When the five words "Long live the Brave Companions" reached them, Vargo Hoat and Urswyck jolted almost simultaneously.

The hypocritical smiles barely plastered on their faces melted instantly like ice, replaced by the anger of betrayal.

"You damn bastard..."

Vargo's face turned livid. He instinctively reached for the sword at his waist, but his movements were a beat slow due to weakness.

"Son of a bitch!"

Urswyck, who had remained vigilant, reacted faster. The moment he heard the slogan, he had already decided Vargo was deceiving him and wanted to strike first.

Roaring, the hand resting on his sword hilt exerted force suddenly, the longsword unsheathed and thrusting straight for Vargo's heart!

But Vargo was worthy of being a warrior who could conquer Dothraki. His reaction was extremely fast. He quickly leaned back, barely dodging this fatal blow.

Although somewhat wretched, the sword tip only scratched the leather armor on his chest.

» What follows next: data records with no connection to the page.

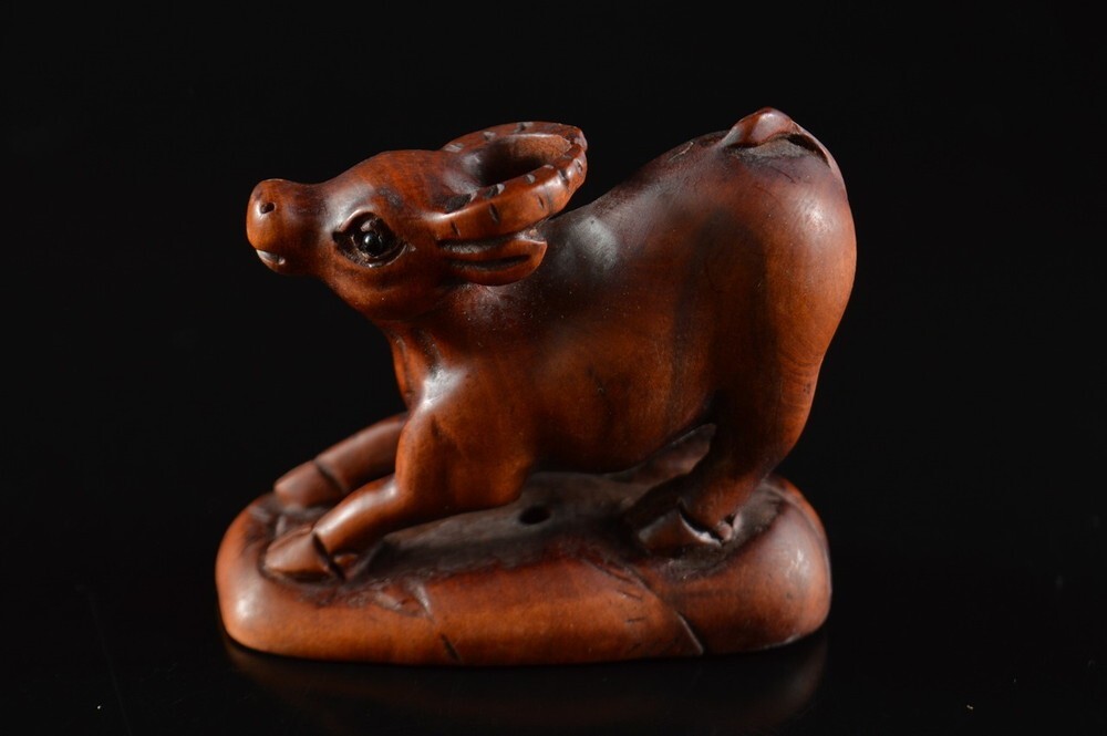 | 商品名 | 【雲】某収集家買取品 木製 牛根付 在銘 古美術品(彫刻提げ物) N5577 |
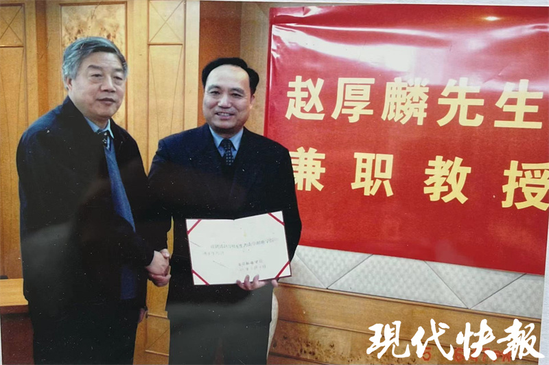 △2005年,时任南京邮电学院院长谢玲为赵厚麟颁发兼职教授证书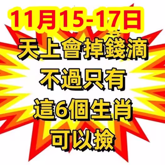 11月15-17日天上會掉錢滴,不過只有這6個生肖可以撿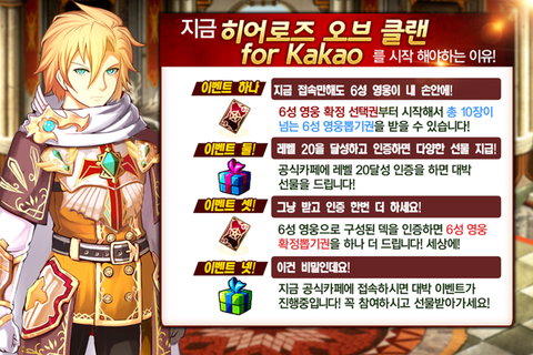 히어로즈 오브 클랜을 소개합니다. 현재 신규유저 이벤트중이라 지금 시작하시면 6성영웅을 무려 10개나 얻을수있답니다.히어로즈 오브 클랜 for Kakao 공식카페 주소 : http://cafe.naver.com/heroesofclan
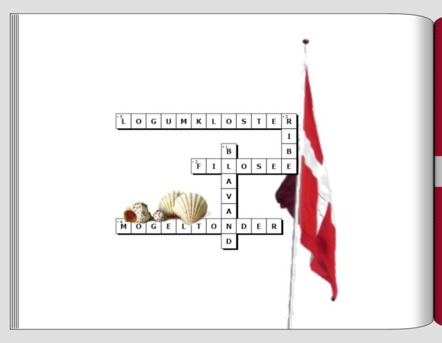 Dänemark ist der Titel und das sollte auf dem Deckblatt auch deutlich erkennbar sein. Mir ist die Schrift zu klein, zu sehr auf die Seite gerückt und die senkrechte Stellung, hm naja, ist auch nicht so meins. Auch die beiden Fotos sind nicht so prickelnd, wobei das erste mir noch besser gefällt. Vielleicht hast du ja noch ein geeigneteres Bild, das nicht so duster ist oder evtl. doch nicht schwarzweiß. Außerdem würde ich dem Bild auch mehr Raum geben und es dadurch mehr in den Blickpunkt rücken, d.h. einfach etwas größer machen und nicht exakt dem rechten unteren Feld anpassen. Ein Rahmen würde das Foto auch besser abgrenzen. Alternativ: Die Flagge über die Titelseite auf die Rückseite ziehen, um die Proportionen beizubehalten und den Titel in den weißen Balken setzen Ich habe mal etwas rumgespielt, vielleicht kannst du mit meinen Ideen ja was anfangen. @spica: Danke für die originelle Idee mit dem Kreuzworträtsel Liebe Grüße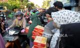 Ribuan nasi kotak dibagika kepada warga untuk berbuka sambil tetap menerapakan protokol kesehatan pandemi covid-19.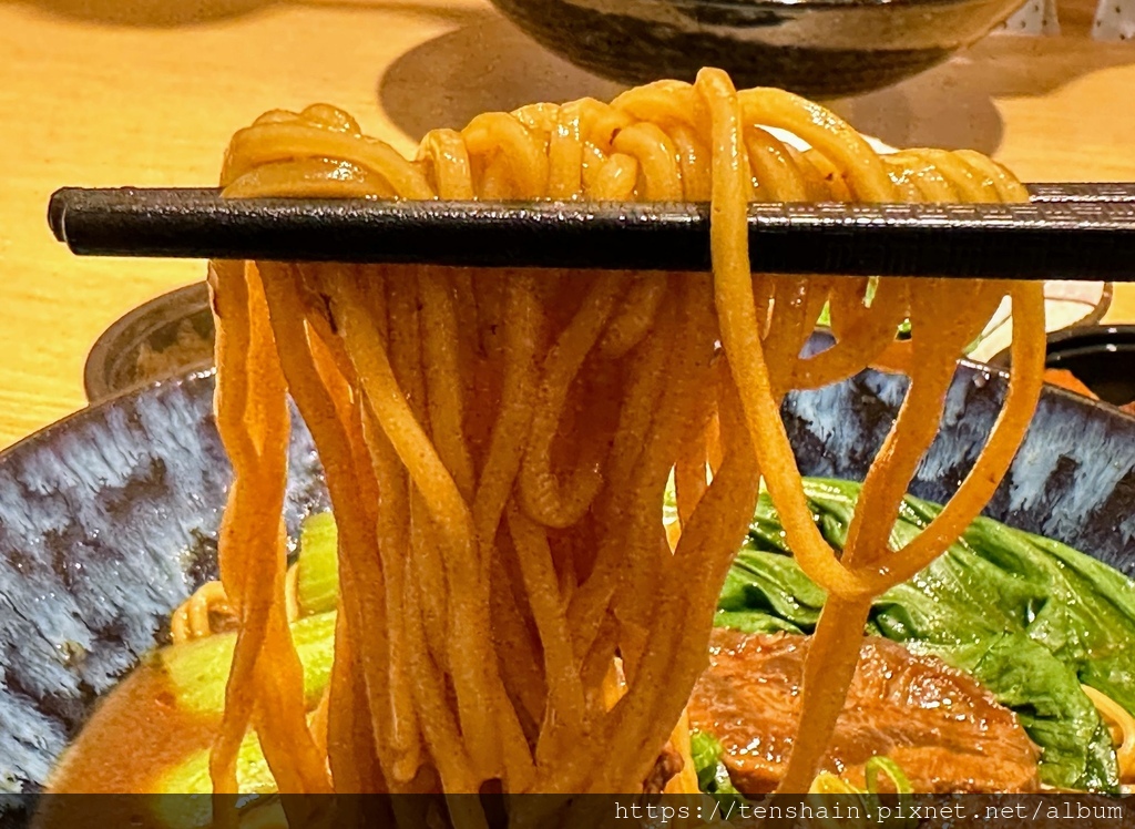 老婆喜歡寬麵,我喜歡細麵,因為細麵雖然咬勁不如寬麵,但好處是容易吸收湯汁。吸飽湯汁的麵條,吃起來軟滑無比,味道也更加濃郁,彷彿有吃麵線的錯覺。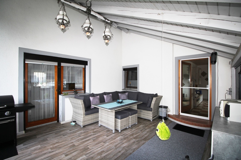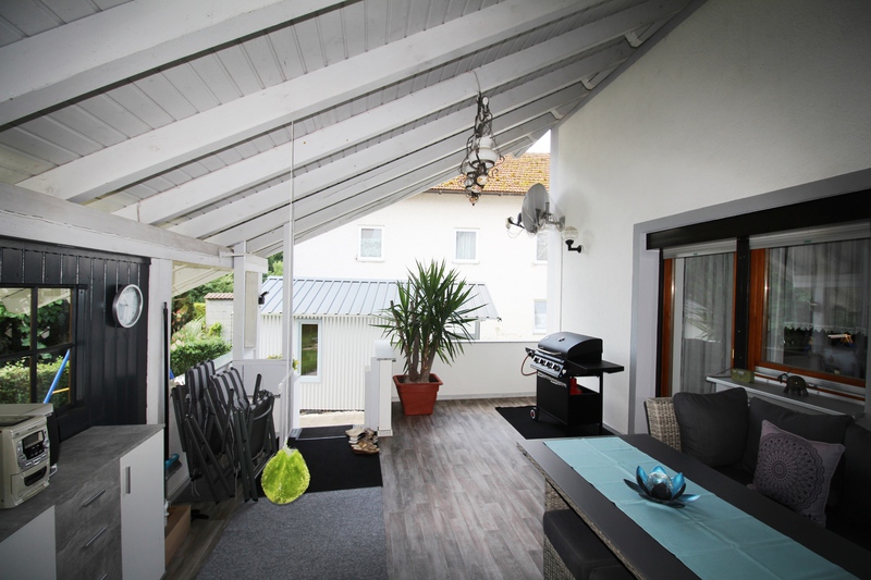 Vom Wohnzimmer und von der Diele aus gelangt man auf die überdachte Terrasse mit Sichtdachstuhl – Ein Highlight des Hauses.

"Traitor!" Vargo hissed, finally drawing his own sword. It was a heavy broadsword, inferior to the one he gave Iggo, but better suited for hacking.

The two engaged in a desperate fight in this darkness-shrouded clearing.

Sword lights flashed, figures crossed. Every collision was with full force. Vargo's strength and experience remained, but the high fever drained his stamina, making his movements sluggish and unsteady.

He gasped for air, every breath stabbing his lungs like needles. Sweat mixed with grime flowed down his forehead, blurring his vision. The broadsword in his hand felt heavy as a thousand pounds.

Urswyck, however, was like a slippery eel. He never met force with force, only utilizing his familiarity with Vargo's sword style to constantly dodge and skirmish, draining the opponent's already meager energy.

"Is this all you've got, Vargo Hoat?"

Urswyck had a bloody cut on his face, but his eyes grew more excited. He mocked, "Where's the majesty of the 'Lord of Harrenhal'? Show me!"

Saying this, spotting the moment Vargo was spent after a hack, he suddenly ducked and charged forward, slamming his shoulder hard into the opponent's chest.

"Urgh!"

Vargo groaned. His already unsteady stance faltered immediately. staggering backward, he fell, unable to hold onto the broadsword, which flew from his hand and landed in the mud a few steps away.

Seeing this, Urswyck immediately pounced excitedly, but he didn't expect the opponent to kick out while falling, striking his wrist directly and sending his longsword flying as well.

Seizing this opportunity, Vargo rolled over violently, pinning Urswyck beneath him instead. Hands choking Urswyck's neck, he simultaneously lowered his head, opened his mouth to reveal yellow-black teeth, and bit viciously into Urswyck's face!

"Aagh!!!"

Urswyck let out a wretched scream as a chunk of flesh was torn off.

The intense pain triggered his ferocity. He curled his fingers and gouged viciously at the festering, oozing wound on Vargo's ear!

Squelch...

Foul pus and blood were dug out. Vargo let out a howl even more miserable than Urswyck's, his entire body convulsing from the pain that shot straight to his nerves.

On the muddy ground, the two highest-ranking men of the once-arrogant Brave Companions were now like beasts fighting for mating rights, using the most primitive, ugliest methods to fight for the right to survive.

Swordsmanship, honor, dignity—all vanished at this moment, leaving only naked instinct.

And at this moment, the instigator of all this had unknowingly climbed up a crooked-neck tree, quietly enjoying the chaotic scene below, smiling with satisfaction.

"Heh... Picking apples for over a decade finally came in handy."